Pandemic Numbers Show Dramatic Improvements, But Let’s Not Kid Ourselves That the Pandemic Is Over
by Edwin Quinabo
The dramatic drop in national and local stats of COVID-19 infections and COVID-related fatalities look very promising that we could be heading out of this historic crisis.
Dr. Anthony Fauci, Director of the National Institute of Allergy and Infectious Diseases, said it is time for the United States to start inching back towards normality, despite remaining risks from COVID-19.
Public health officials announced Feb. 16 that they are working on new COVID-19 guidelines as Omicron’s peak is now behind us.
Several states, including those like California and Oregon that have adopted strict and tough safety restrictions since the beginning of the pandemic three years ago, have announced they are lifting mask mandates in schools and other public settings in the coming weeks.
Keeping it all into perspective
While the numbers look encouraging, at the same time we cannot forget that as recently as the last week of November 2021, politicians and public health officials were also riding high in confidence that the worst of the pandemic has gone by.

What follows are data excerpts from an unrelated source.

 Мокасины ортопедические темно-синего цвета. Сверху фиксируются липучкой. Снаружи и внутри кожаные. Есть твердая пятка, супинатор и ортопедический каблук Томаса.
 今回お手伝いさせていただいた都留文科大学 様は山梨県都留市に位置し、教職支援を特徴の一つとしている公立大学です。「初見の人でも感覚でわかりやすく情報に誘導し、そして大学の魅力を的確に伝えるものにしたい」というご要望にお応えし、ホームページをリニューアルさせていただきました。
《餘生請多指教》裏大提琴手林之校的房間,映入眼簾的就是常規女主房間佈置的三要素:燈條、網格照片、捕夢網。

Then suddenly, Omicron came as a deadly storm sweeping across the nation infecting far more Americans than any previous COVID-19 variant.No one expected this to happen including public health officials and politicians at the highest level.

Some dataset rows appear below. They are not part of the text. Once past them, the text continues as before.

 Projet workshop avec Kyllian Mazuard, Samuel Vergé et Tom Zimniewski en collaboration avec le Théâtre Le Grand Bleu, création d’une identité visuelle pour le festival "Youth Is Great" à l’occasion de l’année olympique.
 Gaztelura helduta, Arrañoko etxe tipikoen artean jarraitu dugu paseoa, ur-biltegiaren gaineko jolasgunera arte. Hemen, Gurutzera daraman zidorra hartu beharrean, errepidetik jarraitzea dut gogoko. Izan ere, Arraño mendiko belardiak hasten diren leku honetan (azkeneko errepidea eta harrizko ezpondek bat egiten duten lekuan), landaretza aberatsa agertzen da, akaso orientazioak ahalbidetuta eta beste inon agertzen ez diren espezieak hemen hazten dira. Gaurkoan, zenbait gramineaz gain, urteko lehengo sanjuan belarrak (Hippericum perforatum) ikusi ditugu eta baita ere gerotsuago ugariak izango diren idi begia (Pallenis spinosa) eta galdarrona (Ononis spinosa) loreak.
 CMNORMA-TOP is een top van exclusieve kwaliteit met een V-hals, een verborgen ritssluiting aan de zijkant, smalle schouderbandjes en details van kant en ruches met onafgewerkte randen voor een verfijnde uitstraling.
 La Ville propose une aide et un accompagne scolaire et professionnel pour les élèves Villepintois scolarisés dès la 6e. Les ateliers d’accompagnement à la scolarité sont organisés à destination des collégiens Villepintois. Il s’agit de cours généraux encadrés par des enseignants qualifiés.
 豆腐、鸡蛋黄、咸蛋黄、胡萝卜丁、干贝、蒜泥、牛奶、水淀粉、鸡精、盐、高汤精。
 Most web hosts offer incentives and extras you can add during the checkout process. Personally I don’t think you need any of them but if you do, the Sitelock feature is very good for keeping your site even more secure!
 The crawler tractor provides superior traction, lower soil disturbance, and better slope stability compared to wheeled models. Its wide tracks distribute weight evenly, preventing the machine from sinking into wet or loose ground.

In December 2021 after the breakout of Omicron, Vice President Kamala Harris spoke honestly about the pandemic. Perhaps, too honestly as she was criticized for making the following comment.
“We didn’t see Delta coming. I think most scientists did not — upon whose advice and direction we have relied — didn’t see Delta coming,” she said. “We didn’t see Omicron coming. And that’s the nature of what this, this awful virus has been, which as it turns out, has mutations and variants.”
VP Harris spoke unlike a politician here. Gave us the truth, even as Biden himself has been of late talking up the administration’s progress in battling COVID.
The reality is no one knows the future of COVID-19. It could be that our nation, the world, is lucky that Omicron did not have the deadly force of Delta and original COVID-19, given how much more contagious Omicron is and the extremely high number of breakthrough cases. No one knows if there will be a next COVID-19 mutation.
No one knows if existing vaccinations will hold up against a future COVID variant should there be one.
As for the current COVID-19 statistic, certainly it’s positive and an upward trend. But in three years we’ve seen multiple upswings followed by surges. This has been the pattern all along. And putting into perspective, the current seven-day daily average of COVID-19 cases at 147,000 – that’s hardly cause for some new sense of security. If there were 147,000 average daily infections in the U.S. when Trump was in office, it’s highly unlikely that the media and top public health officials would be signaling the end of the pandemic is near, as what we are seeing now.
What’s really happening
The truth is practically everyone is tired of the pandemic and wants to return to normalcy. Politicians know this. And to continue to talk about restrictions and safety is politically risky especially in an election year.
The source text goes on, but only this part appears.